Here’s what I hate about Writers’ Houses: the basic mistakes. That art can be understood by examining the chewed pencils of the writer. That visiting such a house can substitute for reading the work. That real estate, including our own envious attachments to houses that are better, or cuter, or more inspiring than our own, is a worthy preoccupation. That writers can or should be sanctified. That private life, even of the dead, is ours to plunder.
In the New York Review of Books blog, April Bernard engages with a conundrum that I often worry away at, the role of the writer’s house as shrine, or more accurately,, the role of some writers’ houses as shrines. I’m trying to remember the last time I visited the house of a ‘famous’, that is to say, ‘dead’ writer, simply because it was a writer’s house. Other things might come into play; architectural design perhaps, or a really lovely garden, but would I honestly visit a writer’s house just because I admired that particular writer?

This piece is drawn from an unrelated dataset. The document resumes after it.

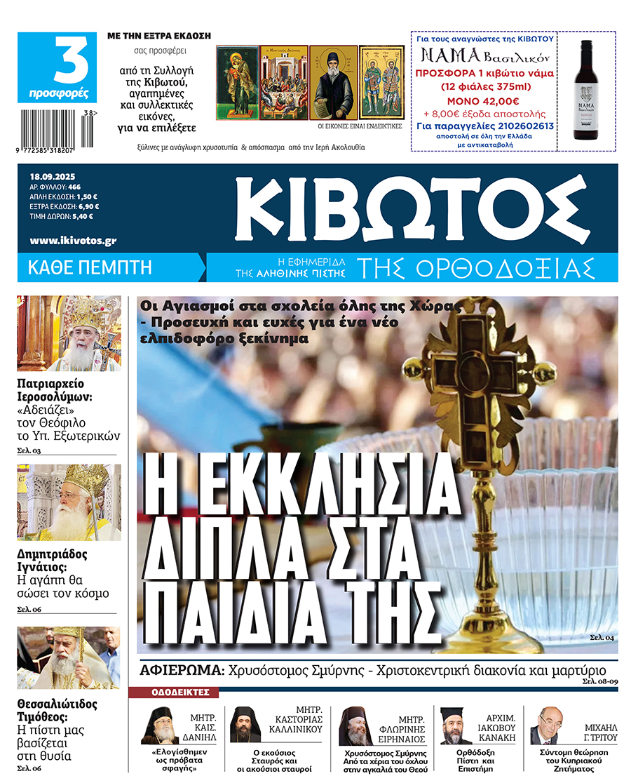 Την Πέμπτη, 18 Σεπτεμβρίου, κυκλοφορεί το νέο φύλλο της Εφημερίδας «Κιβωτός της Ορθοδοξίας»

One answer would be possibly, in exceptional circumstances – a really good example of why I might would be Hemingford Grey Manor House, owned by Lucy M. Boston, and instantly familiar to anyone who has read the Green Knowe books. Her house was pretty much her only subject and visiting it might help me visualise the layout of the house more clearly. Yet, although I live a two-hour drive away, I’ve never yet felt a strong enough compulsion to make a booking and go. For that matter, I also live about an hour and half’s drive from Kipling’s home, Bateman’s, a Jacobean manor house. I’m told it’s lovely and I’m interested in seeing it for the architecture. The association with Kipling would be, I suppose, a bonus, but I can’t think that I’d want to visit purely for that association unless I was a Kipling obsessive. It is interesting though, if you look at the website, that the first selling-point is ‘Soak up the atmosphere in Kipling’s book-lined study’. Somehow, I don’t think they’re going to let me take the books down and look at them, which might tell me something useful about Kipling. I suppose there is a chance that by soaking up the atmosphere, I might inhale a stray passing scrap of Kipling’s DNA but I doubt that is going to provide me with much insight into Kipling’s approach to writing. Better, if I must, to go out and tour some of the places he wrote about in Puck of Pook’s Hill and Rewards and Fairies, to get a sense of the landscape and the history on which he drew for those stories.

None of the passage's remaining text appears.